▸ **WHAT IS NEEDED**
Could you reproduce, from the records below, everything from the line with "Серый (рама), синий/зеленый (ящики)" down to the line with "Ildfast glas hvidt", keeping both of those lines and changing nothing?

▸ **SUPPLIED RECORDS**
------------------------------------------------------------------------

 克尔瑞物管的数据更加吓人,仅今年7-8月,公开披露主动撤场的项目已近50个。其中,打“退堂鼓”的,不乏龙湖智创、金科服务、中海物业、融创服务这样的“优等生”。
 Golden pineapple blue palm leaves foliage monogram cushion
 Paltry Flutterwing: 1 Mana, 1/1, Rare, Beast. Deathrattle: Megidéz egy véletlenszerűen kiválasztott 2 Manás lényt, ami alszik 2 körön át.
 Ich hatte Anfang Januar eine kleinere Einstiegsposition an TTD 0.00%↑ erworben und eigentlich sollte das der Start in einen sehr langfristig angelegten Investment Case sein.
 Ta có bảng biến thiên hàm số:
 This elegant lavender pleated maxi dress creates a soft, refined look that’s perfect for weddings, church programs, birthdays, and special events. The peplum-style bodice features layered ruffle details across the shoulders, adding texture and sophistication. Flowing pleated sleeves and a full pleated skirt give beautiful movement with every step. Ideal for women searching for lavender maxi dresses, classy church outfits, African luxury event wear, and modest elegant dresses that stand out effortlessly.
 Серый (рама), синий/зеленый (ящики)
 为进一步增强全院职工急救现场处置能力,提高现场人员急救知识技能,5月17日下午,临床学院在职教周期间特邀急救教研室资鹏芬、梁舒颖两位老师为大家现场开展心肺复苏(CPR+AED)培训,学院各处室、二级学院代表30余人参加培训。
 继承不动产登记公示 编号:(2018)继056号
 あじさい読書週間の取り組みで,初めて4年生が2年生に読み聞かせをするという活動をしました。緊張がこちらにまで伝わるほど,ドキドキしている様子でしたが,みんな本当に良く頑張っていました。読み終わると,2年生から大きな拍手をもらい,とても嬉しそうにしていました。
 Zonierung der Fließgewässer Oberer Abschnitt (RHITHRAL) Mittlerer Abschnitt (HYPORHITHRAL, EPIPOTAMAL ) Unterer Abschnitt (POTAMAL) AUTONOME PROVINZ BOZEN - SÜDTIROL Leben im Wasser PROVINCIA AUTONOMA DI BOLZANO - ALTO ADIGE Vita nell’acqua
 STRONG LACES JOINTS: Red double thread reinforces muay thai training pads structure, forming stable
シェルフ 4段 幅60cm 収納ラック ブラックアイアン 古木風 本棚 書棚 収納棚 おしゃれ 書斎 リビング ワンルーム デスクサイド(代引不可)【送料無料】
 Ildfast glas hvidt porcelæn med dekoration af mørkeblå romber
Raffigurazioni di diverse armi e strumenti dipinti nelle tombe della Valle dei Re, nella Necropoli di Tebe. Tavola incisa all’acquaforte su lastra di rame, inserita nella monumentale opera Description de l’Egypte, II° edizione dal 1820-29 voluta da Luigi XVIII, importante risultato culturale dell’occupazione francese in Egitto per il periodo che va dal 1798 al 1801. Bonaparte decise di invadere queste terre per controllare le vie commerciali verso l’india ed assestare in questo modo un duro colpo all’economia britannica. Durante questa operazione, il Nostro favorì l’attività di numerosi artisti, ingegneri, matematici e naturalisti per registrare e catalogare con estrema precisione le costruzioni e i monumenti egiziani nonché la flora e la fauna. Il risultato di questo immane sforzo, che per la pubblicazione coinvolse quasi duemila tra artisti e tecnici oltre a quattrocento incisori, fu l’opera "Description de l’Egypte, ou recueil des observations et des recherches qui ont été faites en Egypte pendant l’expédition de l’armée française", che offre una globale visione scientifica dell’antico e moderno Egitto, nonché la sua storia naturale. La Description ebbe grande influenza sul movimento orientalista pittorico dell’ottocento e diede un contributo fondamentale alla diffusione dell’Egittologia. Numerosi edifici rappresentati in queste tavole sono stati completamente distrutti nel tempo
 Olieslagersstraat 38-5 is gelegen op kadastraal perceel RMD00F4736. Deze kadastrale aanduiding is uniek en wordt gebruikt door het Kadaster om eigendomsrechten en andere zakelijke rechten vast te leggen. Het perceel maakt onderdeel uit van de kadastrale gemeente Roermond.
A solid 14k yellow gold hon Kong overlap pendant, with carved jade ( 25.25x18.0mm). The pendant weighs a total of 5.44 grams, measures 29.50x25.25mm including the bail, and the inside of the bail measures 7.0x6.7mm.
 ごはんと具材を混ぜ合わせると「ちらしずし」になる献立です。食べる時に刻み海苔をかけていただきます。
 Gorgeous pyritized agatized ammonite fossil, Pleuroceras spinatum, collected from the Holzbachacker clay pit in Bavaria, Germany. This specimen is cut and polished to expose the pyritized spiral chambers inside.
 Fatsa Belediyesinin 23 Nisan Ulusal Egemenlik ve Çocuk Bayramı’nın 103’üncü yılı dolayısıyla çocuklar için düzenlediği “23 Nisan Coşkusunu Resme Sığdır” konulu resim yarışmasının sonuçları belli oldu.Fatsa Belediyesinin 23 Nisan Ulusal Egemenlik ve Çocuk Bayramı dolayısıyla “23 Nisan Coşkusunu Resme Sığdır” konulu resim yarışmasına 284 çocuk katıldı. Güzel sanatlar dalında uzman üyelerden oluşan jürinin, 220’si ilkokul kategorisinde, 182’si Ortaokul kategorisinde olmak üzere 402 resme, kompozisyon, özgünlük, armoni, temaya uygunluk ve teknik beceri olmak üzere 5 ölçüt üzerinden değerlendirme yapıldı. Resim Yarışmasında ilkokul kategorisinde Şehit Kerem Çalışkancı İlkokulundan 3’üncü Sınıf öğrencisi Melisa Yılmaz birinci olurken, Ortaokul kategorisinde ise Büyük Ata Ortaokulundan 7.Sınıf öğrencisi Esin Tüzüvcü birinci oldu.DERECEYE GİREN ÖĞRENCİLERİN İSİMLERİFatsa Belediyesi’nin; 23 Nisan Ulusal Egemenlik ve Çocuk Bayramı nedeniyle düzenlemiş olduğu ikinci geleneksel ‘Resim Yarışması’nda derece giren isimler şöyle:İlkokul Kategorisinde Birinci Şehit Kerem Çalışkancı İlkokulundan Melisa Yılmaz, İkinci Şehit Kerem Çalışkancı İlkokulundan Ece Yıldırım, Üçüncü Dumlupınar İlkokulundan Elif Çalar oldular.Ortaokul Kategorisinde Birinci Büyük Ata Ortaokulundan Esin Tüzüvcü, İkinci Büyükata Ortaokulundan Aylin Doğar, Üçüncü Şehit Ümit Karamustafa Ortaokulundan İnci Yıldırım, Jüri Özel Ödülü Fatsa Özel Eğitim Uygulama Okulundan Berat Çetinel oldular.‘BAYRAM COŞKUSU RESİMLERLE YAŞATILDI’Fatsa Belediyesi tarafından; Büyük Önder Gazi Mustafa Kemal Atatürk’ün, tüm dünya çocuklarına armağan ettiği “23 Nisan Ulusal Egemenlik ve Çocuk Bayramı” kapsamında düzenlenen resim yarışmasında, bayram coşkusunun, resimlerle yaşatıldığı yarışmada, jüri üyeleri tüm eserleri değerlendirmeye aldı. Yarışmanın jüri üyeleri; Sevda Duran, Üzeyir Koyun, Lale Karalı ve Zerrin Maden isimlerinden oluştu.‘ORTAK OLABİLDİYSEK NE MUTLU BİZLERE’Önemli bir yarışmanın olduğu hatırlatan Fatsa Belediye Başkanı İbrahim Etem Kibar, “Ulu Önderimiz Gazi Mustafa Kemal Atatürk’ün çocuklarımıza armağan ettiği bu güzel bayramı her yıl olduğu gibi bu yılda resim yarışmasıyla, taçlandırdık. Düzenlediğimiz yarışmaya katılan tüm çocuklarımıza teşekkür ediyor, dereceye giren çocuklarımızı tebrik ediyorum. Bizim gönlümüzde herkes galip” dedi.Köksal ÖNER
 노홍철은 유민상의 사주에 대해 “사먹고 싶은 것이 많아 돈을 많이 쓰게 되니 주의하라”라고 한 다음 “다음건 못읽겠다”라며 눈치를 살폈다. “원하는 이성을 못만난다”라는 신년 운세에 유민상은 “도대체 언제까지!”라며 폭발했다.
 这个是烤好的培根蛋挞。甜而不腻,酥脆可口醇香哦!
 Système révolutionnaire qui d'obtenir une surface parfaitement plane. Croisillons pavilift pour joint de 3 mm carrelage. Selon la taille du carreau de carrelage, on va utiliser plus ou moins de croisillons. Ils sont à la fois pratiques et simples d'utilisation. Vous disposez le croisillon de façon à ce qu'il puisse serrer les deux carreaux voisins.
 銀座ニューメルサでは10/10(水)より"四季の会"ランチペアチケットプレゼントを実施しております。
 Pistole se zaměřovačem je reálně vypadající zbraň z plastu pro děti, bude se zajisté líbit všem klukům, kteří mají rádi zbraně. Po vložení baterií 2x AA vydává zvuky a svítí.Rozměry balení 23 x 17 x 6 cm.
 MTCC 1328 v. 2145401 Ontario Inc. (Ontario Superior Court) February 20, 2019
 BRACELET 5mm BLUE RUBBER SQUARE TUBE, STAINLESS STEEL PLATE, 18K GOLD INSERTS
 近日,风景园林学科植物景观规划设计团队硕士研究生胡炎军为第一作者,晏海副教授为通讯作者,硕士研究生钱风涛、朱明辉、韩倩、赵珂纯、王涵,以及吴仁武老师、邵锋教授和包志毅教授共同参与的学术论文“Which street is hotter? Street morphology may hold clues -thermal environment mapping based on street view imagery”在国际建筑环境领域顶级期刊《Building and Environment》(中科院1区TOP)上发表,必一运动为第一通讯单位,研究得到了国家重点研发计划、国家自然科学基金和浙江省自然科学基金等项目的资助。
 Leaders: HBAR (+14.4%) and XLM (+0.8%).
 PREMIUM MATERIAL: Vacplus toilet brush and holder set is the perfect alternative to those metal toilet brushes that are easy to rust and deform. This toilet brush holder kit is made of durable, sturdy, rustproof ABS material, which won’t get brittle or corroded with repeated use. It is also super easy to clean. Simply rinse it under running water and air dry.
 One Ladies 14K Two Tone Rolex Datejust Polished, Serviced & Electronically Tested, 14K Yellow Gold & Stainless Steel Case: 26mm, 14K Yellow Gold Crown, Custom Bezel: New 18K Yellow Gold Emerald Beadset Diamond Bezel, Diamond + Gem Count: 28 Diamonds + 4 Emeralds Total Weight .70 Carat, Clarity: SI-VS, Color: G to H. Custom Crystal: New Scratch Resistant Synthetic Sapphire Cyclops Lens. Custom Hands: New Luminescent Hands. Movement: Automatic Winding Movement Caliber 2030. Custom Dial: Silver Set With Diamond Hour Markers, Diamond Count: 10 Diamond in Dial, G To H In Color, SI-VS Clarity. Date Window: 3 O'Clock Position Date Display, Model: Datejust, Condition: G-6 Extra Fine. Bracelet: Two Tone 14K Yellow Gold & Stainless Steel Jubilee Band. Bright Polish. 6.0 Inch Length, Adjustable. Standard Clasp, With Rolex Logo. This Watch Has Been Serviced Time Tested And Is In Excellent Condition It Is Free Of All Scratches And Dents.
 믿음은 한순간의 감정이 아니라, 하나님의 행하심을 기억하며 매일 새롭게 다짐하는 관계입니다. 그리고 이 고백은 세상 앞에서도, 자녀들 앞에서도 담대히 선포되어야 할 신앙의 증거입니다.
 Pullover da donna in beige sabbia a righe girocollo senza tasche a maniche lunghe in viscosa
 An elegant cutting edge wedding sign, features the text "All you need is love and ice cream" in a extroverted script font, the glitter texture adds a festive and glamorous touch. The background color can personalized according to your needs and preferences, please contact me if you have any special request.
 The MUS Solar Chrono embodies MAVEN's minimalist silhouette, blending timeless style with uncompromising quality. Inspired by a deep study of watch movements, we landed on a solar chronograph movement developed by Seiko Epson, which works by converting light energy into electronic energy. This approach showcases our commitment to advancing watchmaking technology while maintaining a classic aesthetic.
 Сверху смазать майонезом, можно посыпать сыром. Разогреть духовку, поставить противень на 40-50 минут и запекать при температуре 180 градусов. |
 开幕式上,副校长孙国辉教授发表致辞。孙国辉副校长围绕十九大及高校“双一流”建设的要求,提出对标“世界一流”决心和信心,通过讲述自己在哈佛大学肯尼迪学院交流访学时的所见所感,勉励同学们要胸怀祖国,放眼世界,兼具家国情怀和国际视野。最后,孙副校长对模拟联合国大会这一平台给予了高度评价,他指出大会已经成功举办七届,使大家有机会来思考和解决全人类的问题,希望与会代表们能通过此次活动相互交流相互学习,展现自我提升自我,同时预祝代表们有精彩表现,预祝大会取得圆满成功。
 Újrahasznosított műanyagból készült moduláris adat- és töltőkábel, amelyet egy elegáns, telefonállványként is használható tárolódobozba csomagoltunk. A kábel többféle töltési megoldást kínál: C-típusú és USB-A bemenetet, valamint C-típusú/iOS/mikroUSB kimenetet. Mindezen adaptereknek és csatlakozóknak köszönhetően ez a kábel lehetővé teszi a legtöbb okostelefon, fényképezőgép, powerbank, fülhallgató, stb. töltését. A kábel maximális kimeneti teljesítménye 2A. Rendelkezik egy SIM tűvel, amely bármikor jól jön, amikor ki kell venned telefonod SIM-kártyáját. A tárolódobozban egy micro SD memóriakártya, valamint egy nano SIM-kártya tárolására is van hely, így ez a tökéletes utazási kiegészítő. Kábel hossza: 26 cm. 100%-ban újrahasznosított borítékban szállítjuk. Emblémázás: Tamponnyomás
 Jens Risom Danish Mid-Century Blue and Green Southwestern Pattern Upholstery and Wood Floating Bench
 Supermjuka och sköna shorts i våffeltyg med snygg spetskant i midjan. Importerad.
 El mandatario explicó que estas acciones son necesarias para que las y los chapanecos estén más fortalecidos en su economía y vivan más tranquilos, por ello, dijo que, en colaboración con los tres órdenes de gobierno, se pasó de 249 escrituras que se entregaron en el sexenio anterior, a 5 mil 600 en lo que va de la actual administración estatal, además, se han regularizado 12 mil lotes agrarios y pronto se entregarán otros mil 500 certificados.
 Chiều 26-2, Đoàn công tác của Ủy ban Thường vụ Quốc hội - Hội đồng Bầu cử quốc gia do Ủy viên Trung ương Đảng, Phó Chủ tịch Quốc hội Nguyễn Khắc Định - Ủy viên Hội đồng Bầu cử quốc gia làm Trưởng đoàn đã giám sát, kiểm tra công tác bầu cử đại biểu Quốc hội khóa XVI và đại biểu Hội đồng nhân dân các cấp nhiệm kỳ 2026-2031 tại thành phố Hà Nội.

------------------------------------------------------------------------

▸ **ANSWER SECTION**
 Серый (рама), синий/зеленый (ящики)
 为进一步增强全院职工急救现场处置能力,提高现场人员急救知识技能,5月17日下午,临床学院在职教周期间特邀急救教研室资鹏芬、梁舒颖两位老师为大家现场开展心肺复苏(CPR+AED)培训,学院各处室、二级学院代表30余人参加培训。
 继承不动产登记公示 编号:(2018)继056号
 あじさい読書週間の取り組みで,初めて4年生が2年生に読み聞かせをするという活動をしました。緊張がこちらにまで伝わるほど,ドキドキしている様子でしたが,みんな本当に良く頑張っていました。読み終わると,2年生から大きな拍手をもらい,とても嬉しそうにしていました。
 Zonierung der Fließgewässer Oberer Abschnitt (RHITHRAL) Mittlerer Abschnitt (HYPORHITHRAL, EPIPOTAMAL ) Unterer Abschnitt (POTAMAL) AUTONOME PROVINZ BOZEN - SÜDTIROL Leben im Wasser PROVINCIA AUTONOMA DI BOLZANO - ALTO ADIGE Vita nell’acqua
 STRONG LACES JOINTS: Red double thread reinforces muay thai training pads structure, forming stable
シェルフ 4段 幅60cm 収納ラック ブラックアイアン 古木風 本棚 書棚 収納棚 おしゃれ 書斎 リビング ワンルーム デスクサイド(代引不可)【送料無料】
 Ildfast glas hvidt porcelæn med dekoration af mørkeblå romber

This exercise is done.